I AM always astounded by the persistent references in Zimbabwe’s the Herald newspaper, together with its sister publications, to former president Nelson Mandela as nothing more than what African Americans call an “Uncle Tom” or “house nigger”.
A recent example of this is contained in an article which boldly proclaims: “But the question is why Westerners embark on this charade of celebrating Mandela as if they believed in his cause? The answer is simple: Madiba, after taking the baton from the other nine ANC presidents before him, did not upset the applecart. He was content to have the crown without the crown jewels, and in so doing became the typical good African who does not pose an unusual and extraordinary threat to United States foreign policy, unlike his counterpart north of the Limpopo.”
A similar sentiment was expressed the following day, January 12, in the same newspaper about the ANC political leadership under the title “The day after the ANC centennial party”. The article says: “South Africa’s infantile disorder as it takes the young adult’s step into the real world of increasingly competitive globalised economy, is that it appears it has chosen to comfort itself with the child’s soothing medicine of economic justice. There is no economic justice in world economy.”
Given the limited print space I have, I can only sketch a few considerations that must be borne in mind in any assessment of Mandela and the South African liberation project.
The United Nations described apartheid as a crime against humanity. It created a society that was not only divided against itself and physically and psychologically torn apart, but also sought to create a multitude of black Africans who were less than human.
In recognition of this reality, Mandela made nation-building and reconciliation one of the cornerstones of his five-year term in office. He recognised that for the new nation to move forward on a solid foundation he needed to forge a common nationhood and a shared sense of belonging. It is under Mandela’s stewardship that the Truth and Reconciliation Commission (TRC) was constituted. He knew that it was not possible to reconcile the past with the present, to forge the shared future without exorcising the gory atrocities of the past.
His nation-building and reconciliation crusade helped to neutralise the Afrikaner right-wingers who had earlier on crashed and bulldozed the World Trade Centre, the venue for negotiations, with military armoured cars.
The other traumatic reality that Mandela inherited in 1994 was the all-pervasive legacy of Bantu Education, which systematically and deliberately excluded a number of key subjects like mathematics, engineering, physical sciences, actuarial sciences, architecture and others from the majority of black public learning institutions.
The consequence of this reality is that the commitment of the black democratic government that came into office in 1994 to introduce these subjects on a massive scale was severely hampered by the extreme scarcity of teachers who were able to offer these subjects. The limited number who could were grossly underqualified. To overhaul the entire Bantu Education system needed drastic measures, yet there couldn’t be any short cut to that mission. Every educationist will attest that to produce a solid pupil, teacher and lecturer requires solid formative primary school years in literacy and numeracy. That is where the entire project to overhaul the system had to begin.
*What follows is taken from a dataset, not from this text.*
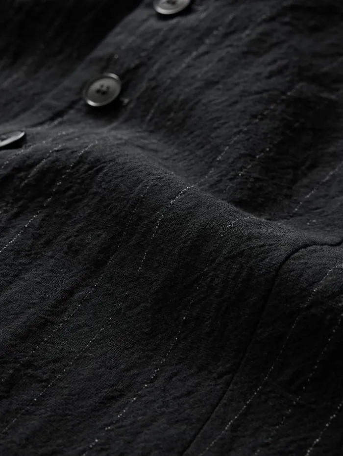 Exemplifying JV’s sartorial mastery, the Wooster Vest offers a seamless blend of tradition and contemporary finesse. This collarless design, a classic JV Wooster, is accentuated with front body darts and welt hip pockets, reflecting meticulous tailoring. It’s crafted from Italian fabric adorned with a sophisticated pin stripe pattern, adding an element of refined elegance. The absence of a collar lends a modern touch to its silhouette, making the vest versatile for various styling options. Whether paired with complementary suiting for a cohesive ensemble or worn over a tailored shirt as a stand-alone statement piece, the Wooster Vest is a testament to timeless style and impeccable craftsmanship. 77% Cotton, 21% Linen, 2% Virgin WoolLining: 100% CuproDry Clean OnlyMulti-Button FrontFront Body DartsWelt Hip PocketsItalian Pin-Stripe Pattern FabricMade In ItalyMeasurements: Front Body Length: 25.625”, Center Back Body Length: 23.5”, Across Shoulder: 14.5”, Chest: 20.5”

One of the few measures that the democratic government took to ameliorate the situation was to import a great number of foreign teachers and lecturers without driving those that Bantu Education had produced into massive unemployment. That explains why a great number of the teachers and lecturers in these subjects in South Africa even today come from other African countries like Zimbabwe, Nigeria, Ghana, Kenya and beyond. The other measure was to retrain those whom Bantu Education had produced. But if we consider that we need an average of 17 years to produce the best, that in itself could only be an inadequate stopgap measure.
The desired speedy transformation of the economy suffered a similar fate. In the early years of the democratic order, it became extremely difficult to find enough skilled and qualified South African black people to take over the commanding levers of the machinery of the sophisticated South African economy.
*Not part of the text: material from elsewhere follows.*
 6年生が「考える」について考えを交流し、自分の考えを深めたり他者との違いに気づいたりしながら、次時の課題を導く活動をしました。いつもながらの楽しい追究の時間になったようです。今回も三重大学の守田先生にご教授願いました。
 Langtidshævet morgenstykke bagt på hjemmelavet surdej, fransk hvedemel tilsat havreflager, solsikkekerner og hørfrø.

There was an extremely limited number of chartered accountants and engineers, etc. because solid mathematics and physical sciences are needed to produce them. It partly explains why even some of the most successful black empowerment companies were for years chaired by South African black owners but employed white people as CEOs or CFOs.
One of the initiatives the government took was to deliberately second black individuals to understudy white executive personnel mainly in state institutions and to compel the corporate sector to comply with empowerment scorecards even at executive levels. That partly explains why Mandela could not “kill the boer” in his five years in office.
The additional measure the government took was to put in place immigration laws that encourage the importation of scarce skills. It explains why government has recruited so many Cuban medical doctors into rural hospitals. There is hardly any higher academic institution of note in South Africa that does not employ at least one Nigerian academic. There is hardly any big corporate finance institution that does not employ at least one Zimbabwean financial literate.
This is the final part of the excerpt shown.